┌────────
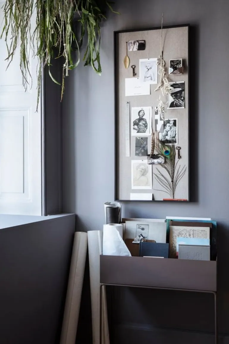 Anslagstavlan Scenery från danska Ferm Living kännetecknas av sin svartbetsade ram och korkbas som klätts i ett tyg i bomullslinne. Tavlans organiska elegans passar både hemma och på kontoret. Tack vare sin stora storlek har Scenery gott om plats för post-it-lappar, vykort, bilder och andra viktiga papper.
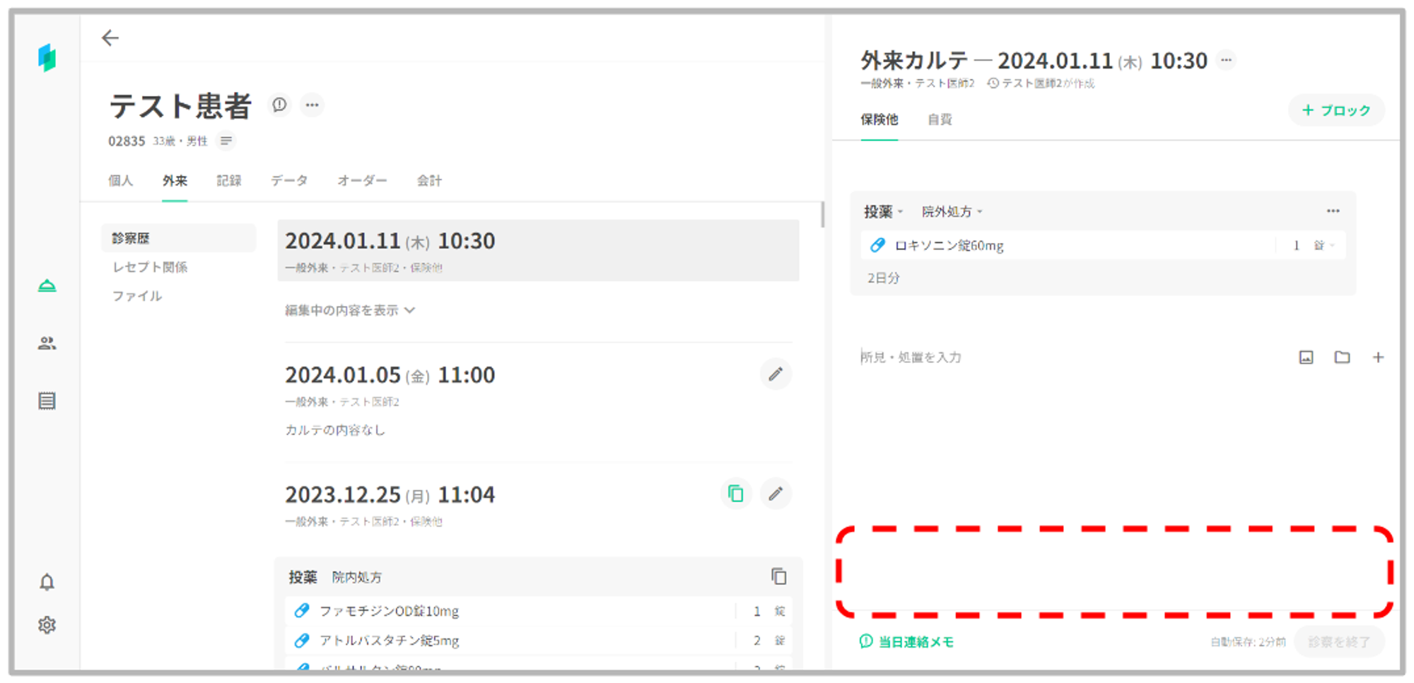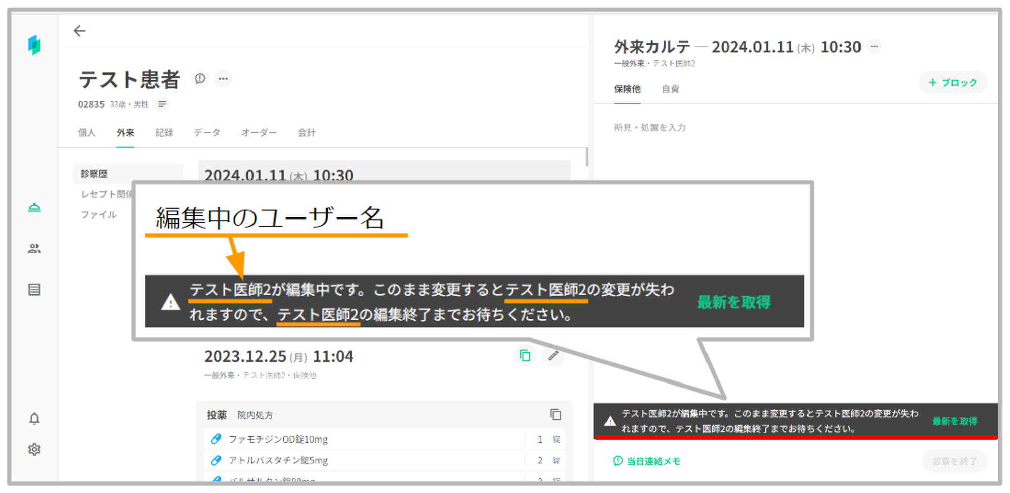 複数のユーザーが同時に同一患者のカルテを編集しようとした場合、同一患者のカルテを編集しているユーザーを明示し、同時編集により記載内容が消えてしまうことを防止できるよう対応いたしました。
└────────
┌────────
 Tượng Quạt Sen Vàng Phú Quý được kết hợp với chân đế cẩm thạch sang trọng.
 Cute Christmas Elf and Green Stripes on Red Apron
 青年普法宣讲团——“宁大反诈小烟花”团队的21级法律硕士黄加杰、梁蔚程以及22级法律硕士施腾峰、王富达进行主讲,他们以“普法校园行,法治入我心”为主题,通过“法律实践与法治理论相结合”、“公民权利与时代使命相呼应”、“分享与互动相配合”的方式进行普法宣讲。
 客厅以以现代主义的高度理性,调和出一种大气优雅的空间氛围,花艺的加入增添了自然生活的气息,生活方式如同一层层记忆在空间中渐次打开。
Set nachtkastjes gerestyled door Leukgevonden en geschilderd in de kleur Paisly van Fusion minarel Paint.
└────────
┌────────
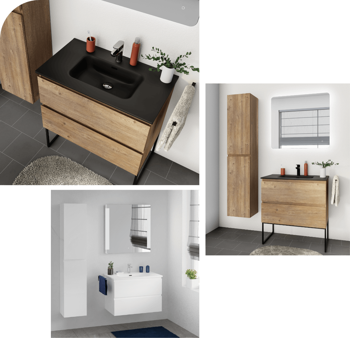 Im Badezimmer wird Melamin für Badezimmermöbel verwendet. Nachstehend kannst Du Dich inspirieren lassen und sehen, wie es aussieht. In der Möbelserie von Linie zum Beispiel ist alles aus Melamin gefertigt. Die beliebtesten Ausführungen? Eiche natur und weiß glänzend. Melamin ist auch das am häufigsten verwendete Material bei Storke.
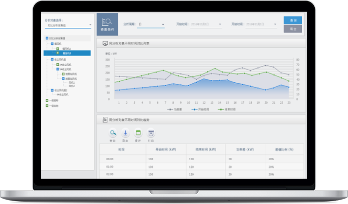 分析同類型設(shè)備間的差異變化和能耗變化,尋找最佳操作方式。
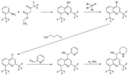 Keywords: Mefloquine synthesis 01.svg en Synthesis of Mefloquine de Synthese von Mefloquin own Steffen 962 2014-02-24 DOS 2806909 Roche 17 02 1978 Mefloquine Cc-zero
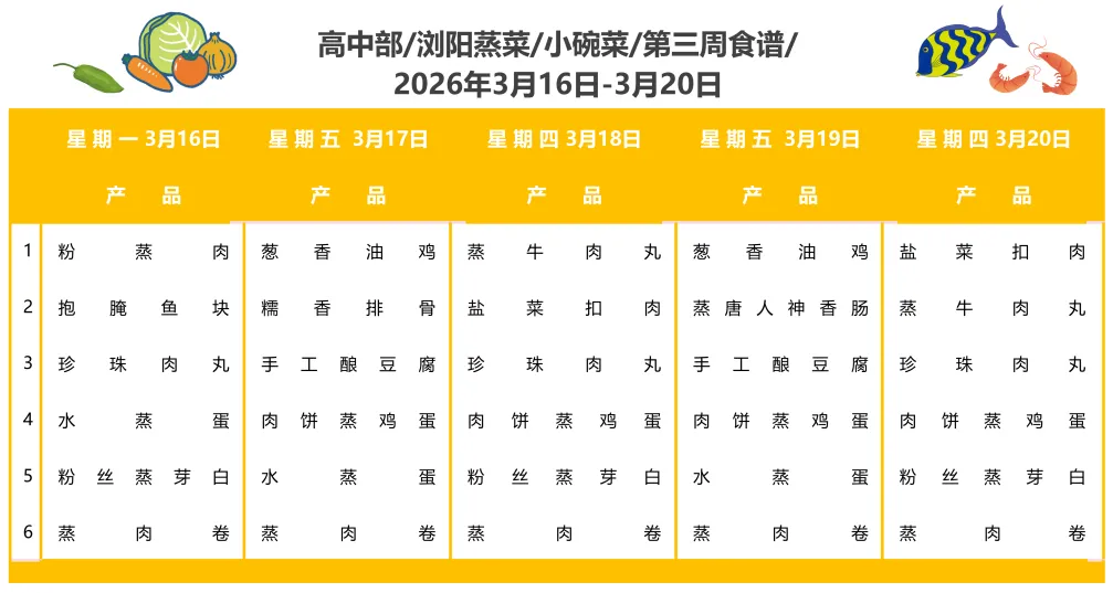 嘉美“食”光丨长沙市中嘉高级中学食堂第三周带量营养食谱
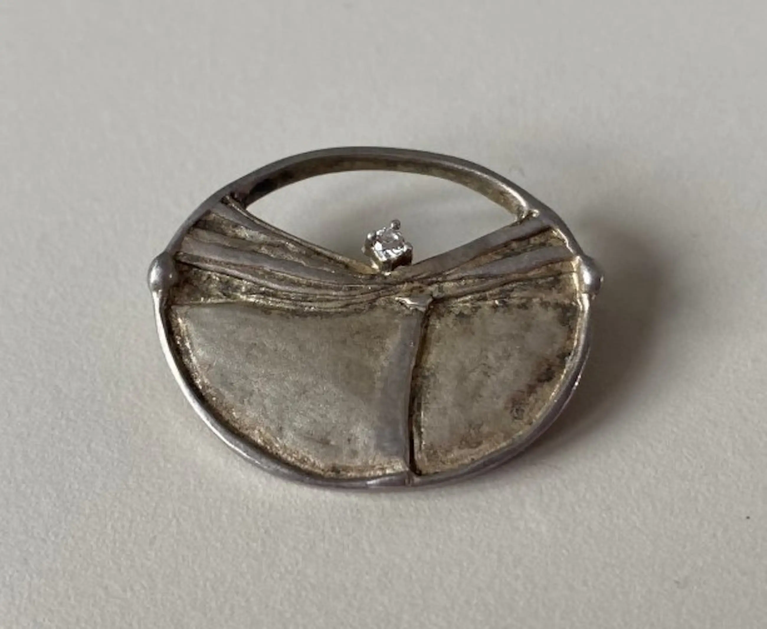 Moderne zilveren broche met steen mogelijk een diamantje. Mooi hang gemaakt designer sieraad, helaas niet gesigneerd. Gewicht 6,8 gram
└────────
Output exactly the lines of the listing above that start with the one holding "Anslagstavlan Scenery från" and go on through the one holding "複数のユーザーが同時に同一患"; leave the pictures out.

## Expected answer
 Anslagstavlan Scenery från danska Ferm Living kännetecknas av sin svartbetsade ram och korkbas som klätts i ett tyg i bomullslinne. Tavlans organiska elegans passar både hemma och på kontoret. Tack vare sin stora storlek har Scenery gott om plats för post-it-lappar, vykort, bilder och andra viktiga papper.
 複数のユーザーが同時に同一患者のカルテを編集しようとした場合、同一患者のカルテを編集しているユーザーを明示し、同時編集により記載内容が消えてしまうことを防止できるよう対応いたしました。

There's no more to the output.